Researchers at the University of California, San Diego, have discovered a promising method to predict whether early-stage breast cancer will spread by evaluating the “stickiness” of tumor cells. This breakthrough, enabled by a specially designed microfluidic device, could significantly enhance diagnostic capabilities and help doctors personalize treatment strategies for high-risk patients.
Innovative Microfluidic Device
The newly developed device, tested in an investigator-initiated trial, sorts tumor cells by pushing them through fluid-filled chambers and measuring their adhesion to chamber walls. The study, published on March 5 in Cell Reports, found a compelling trend: tumor cells from aggressive cancers exhibited weak adhesion, while those from less aggressive cancers were more strongly adherent.

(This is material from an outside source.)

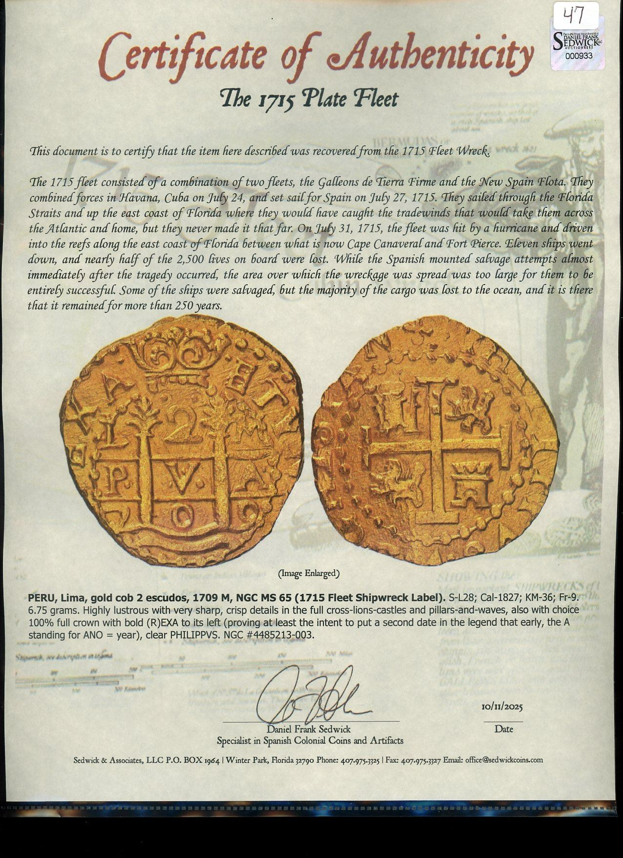 PERU, Lima, gold cob 2 escudos, 1709 M, NGC MS 65 (1715 Fleet Shipwreck Label), "top pop," ex-McGregor. S-L28; Cal-1827; KM-36; Fr-9. 6.75 grams. Highly lustrous with very sharp, crisp details in the full cross-lions-castles and pillars-and-waves, also with choice 100% full crown with bold (R)EXA to its left (proving at least the intent to put a second date in the legend that early, the A standing for ANO = year), clear PHILIPPVS, tied with two others (inexplicably listed as "1709 Philip V") for finest in the NGC census. From the 1715 Fleet, with Sedwick photo-certificate, pedigreed to the McGregor Collection (stated on label).

Professor Adam Engler, senior author and faculty member at UC San Diego’s Jacobs School of Engineering, emphasized the significance of this discovery: “If we can improve diagnostic capabilities with this method, we could better personalize treatment plans based on the tumors that patients have.”
Predicting Metastasis Risk in Breast Cancer
Previous research by Engler’s lab in collaboration with Dr. Anne Wallace, director of the Comprehensive Breast Health Center at Moores Cancer Center, established that weakly adherent cancer cells have a higher tendency to migrate and invade other tissues. The latest study focused on ductal carcinoma in situ (DCIS), an early-stage breast cancer that can either remain confined to the milk ducts or develop into invasive cancer. Current clinical decisions often rely on the lesion’s size and grade, which do not always accurately predict its behavior.
Dr. Wallace underscored the clinical importance of the study: “We don’t want to over-treat patients unnecessarily, but we must intervene aggressively when there’s a high risk of invasive cancer. This adhesion model could help us make more informed decisions.”
How the Device Works
Approximately the size of an index card, the microfluidic device contains chambers coated with fibronectin, an adhesive protein found in breast tissue. Tumor cells are introduced into the chambers and subjected to increasing shear stress as fluid flows through. Researchers classify cells based on when they detach, differentiating between strongly and weakly adherent cells.
The device was tested on tissue samples from 16 patients, including normal breast tissue, DCIS tumors, and invasive breast cancer tumors. The findings revealed that aggressive breast cancer samples contained weakly adherent cells, while normal breast tissue exhibited strong adhesion. DCIS samples varied, indicating a potential predictive metric for metastasis risk.
“Among DCIS patients, we found some with strongly adherent tumor cells and others with weakly adherent cells,” said Madison Kane, a bioengineering Ph.D. student and study co-first author. “We hypothesize that those with weakly adherent cells are at higher risk of developing invasive cancer and may be underdiagnosed initially.”
Future Implications
Researchers plan to track DCIS patients over five years to assess whether adhesion strength reliably predicts metastatic progression. If validated, this technique could provide oncologists with a powerful new tool for guiding treatment decisions and intervening before cancer spreads.
Professor Engler expressed optimism about the technology’s impact: “Our hope is that this device will allow us to identify high-risk patients early, so we can intervene before metastasis occurs.”
This project was made possible through interdisciplinary collaboration between UC San Diego’s bioengineering department and Moores Cancer Center. Funding from the National Institutes of Health, the National Science Foundation, and the National Cancer Institute played a crucial role in supporting the study.
Disclaimer:
This article is for informational purposes only and does not constitute medical advice. Patients should consult with their healthcare providers for personalized medical guidance. The findings discussed here are based on ongoing research and require further validation before clinical application.